Мама поднялась, у Саши ладони метнулись к щекам. Мама не кинулась, не обняла, брови у нее затрепетали, еще черные красивые брови, такие же, как у сыновей, мама не кинулась, не обняла, а перекрестила дрожью пальцев и молча поклонилась низко.

— Здравствуй, мам.

Она заплакала.

— Нил дома?

Он же видел, что брата нет. Он спросил машинально, про Нила подумав мельком. Молчаливый мамин поклон сразил его, ему нужно было услышать ее голос, вот он и спросил про Нила. Но она не отвечала, она плакала. Дмитрий взглянул на Сашу. Саша медленно отняла ладони от щек и опустила глаза, и Дмитрий опять подумал про брата, но уже не машинально, не мельком, а с отчетливой, пронзительной тревогой.

4

У Никитишны, в “гранд-отеле”, чуть не исподнее пропивали: потому как масленица и без “монаха” обойтись нет возможности.

“Гранд-отелем” именовал эти смрадные подвалы сосед Нила, бывший акцизный чиновник, насмерть отравленный зеленым змием. А “монахом” прозывался штоф оглушительной водки, и разминуться с ней, да еще на масленую, действительно никаких способов не обнаруживалось.

По случаю праздников хозяйка оделила братию полудюжиной сальных свечей, и теперь в гостиной или в зале, то есть в одном из самых обширных подвалов, относительно сухом и теплом, стабунилась вся золотая рота. Благодушно присутствовал и городовой, тоже здешний обитатель, с очень звучной фамилией — Сенатский.

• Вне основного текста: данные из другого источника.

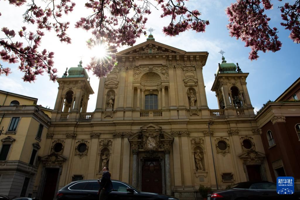 这是3月18日在意大利米兰街头拍摄的玉兰花。 早春时节,意大利米兰街头春花绽放,游人如织。 新华社记者 李京 摄
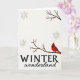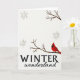 The words "WINTER wonderland" are written below in different fonts: "WINTER" is bold, and "wonderland" is more fancy. The mood of the card is peaceful, happy, and elegant. The cardinal's red color represents happiness and strength. This design combines simple graphics with meaning to create a cozy winter feel. It looks like a special handmade creation made with love.
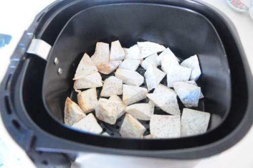 烧腊鸭时,准备荔浦芋头,芋头去皮,洗净,切成滚刀块后,放入空气炸锅,160度,15分钟
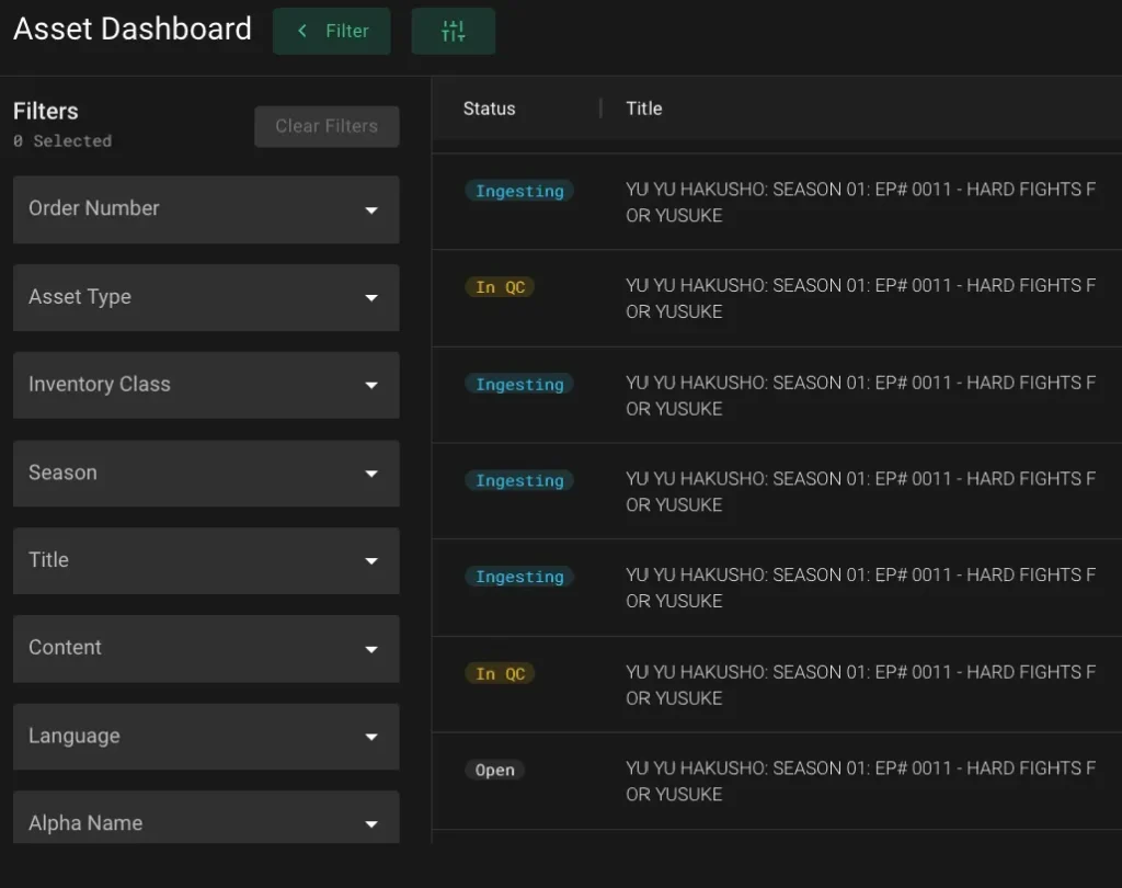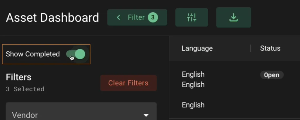 Next, navigate to the Status button and filter by Completed. You can now locate the placeholder needed to replace an asset.
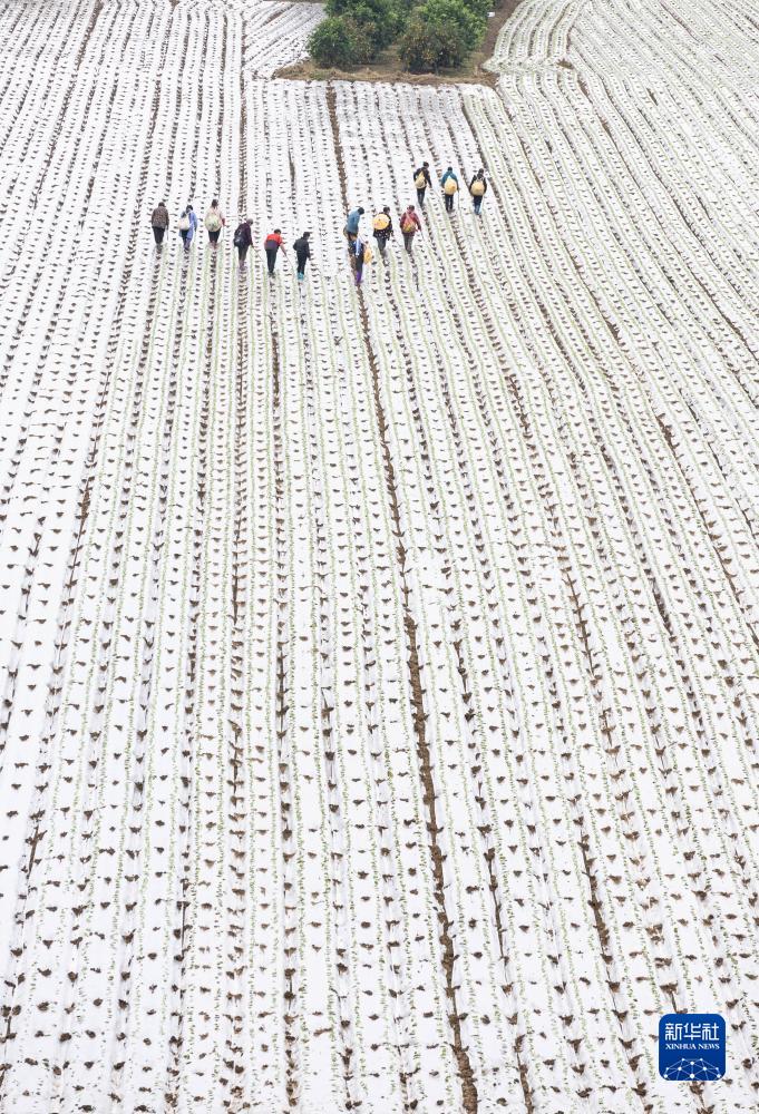 近日,在位於嘉陵江畔的四川省蓬安縣錦屏鎮中壩社區蔬菜種植基地,當地村民開始蘿蔔幼苗的秋播秋種,在成壟成行的大地上“破膜露苗”,仿佛在書寫一個個音符,譜寫一支勞動“交響曲”。
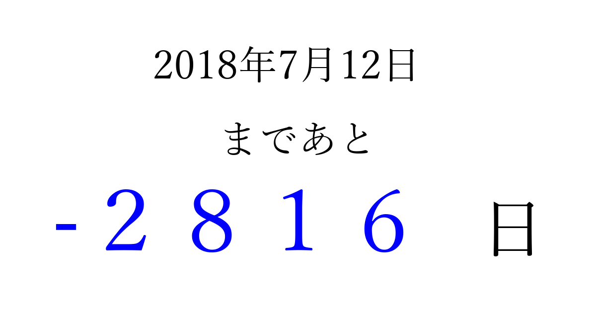 2018年7月12日(木)は もう 0000 日過ぎました 追加すると、トップページからすぐ選べるようになります ※2026/03/28現在の結果です。 最新の状態に更新する ↓シェアして、タイムライン上にカウントダウンを表示しよう!↓ 📤 この結果を共有する Tweet シェア Threads Bluesky 別の日付でカウントダウン 2018年7月のカレンダー このページをブックマークに追加すると、いつでもカウントダウンを確認できます。 (PC: Ctrl+D / Mac: ⌘+D) hitome-notes.comでは以下のページも運営しています。 指定日と期間から日付を計算 | ガチャ確率計算・シミュレーション | プライバシー・ポリシー 運営者:Avocado
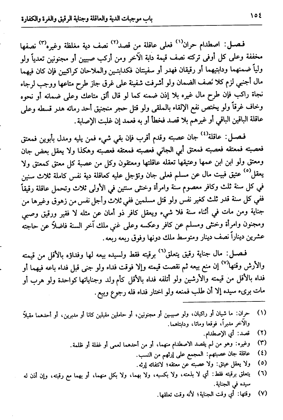 فصل: عاقلة4 جان عصبته وقدم أقرب فإن بقي شيء فمن يليه ومدل بأبوين فمعتق فعصبته فمعتقه فعصبته فمعتق أبي الجاني فعصبته فمعتقه فعصبته وهكذا ولا يعقل بعض جان ومعتق ولو ابن ابن عمها وعتيقها تعقله عاقلتها ومعتقون وكل من عصبة كل معتق كمعتق ولا يعقل5 عتيق فبيت مال عن مسلم فعلى جان وتؤجل عليه كعاقلة دية نفس كاملة ثلاث سنين في كل سنة ثلث وكافر معصوم سنة ودية امرأة وخنثى سنتين في الأولى ثلث وتحمل عاقلة رقيقا ففي كل سنة قدر ثلث كغير نفس ولو قتل مسلمين ففي ثلاث وأجل نفس من زهوق وغيرها من جناية ومن مات في أثناء سنة فلا شيء ويعقل كافر ذو أمان عن مثله لا فقير ورقيق وصبي ومجنون وامرأة وخنثى ومسلم عن كافر وعكسه وعلى غني ملك آخر السنة فاضلا عن حاجته عشرين دينارا نصف دينار ومتوسط ملك دونها وفوق ربعه ربعه.
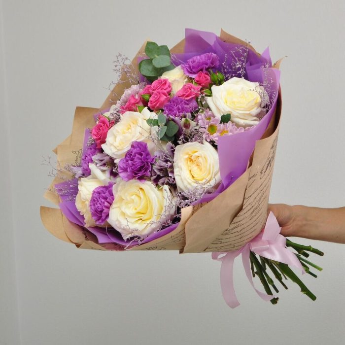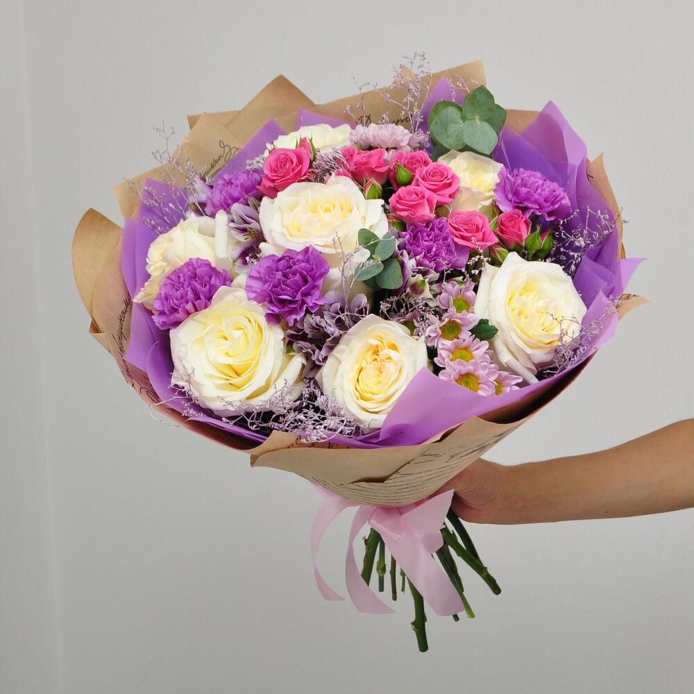 Альстромерия – 2 шт.Роза кустовая – 1 шт.Эвкалипт – 1 шт.Лента атласная – 1 шт.Диантус – 5 шт.Сантини – 2 шт.Крафт – 1 шт.Роза белая пионовидная – 7 шт.Кермек – 1 шт.Пленка матовая – 1 шт.

И сама Никитишна, ворчунья и скупердяйка, но, приглядеться, не такая уж и ведьма, завернула к постояльцам, и рюмочку восприняла, и угощением не побрезговала.

Угощение было копеечное — рыба вареная. Зато бутылки — початые и еще не початые — составляли главную часть пиршества, как пожарный обоз во время смотров у Китайской стены.

— Не откажи, — ласково подносил хозяйке рябой мужичонка в красной палаческой косоворотке. — Выпей, родная.

— Пусть Манька спляшет тогда уж, — кобенилась Никитишна. — Коза, а Коза? Слышь, что ли? Будет тебе… — она вышамкала непристойность.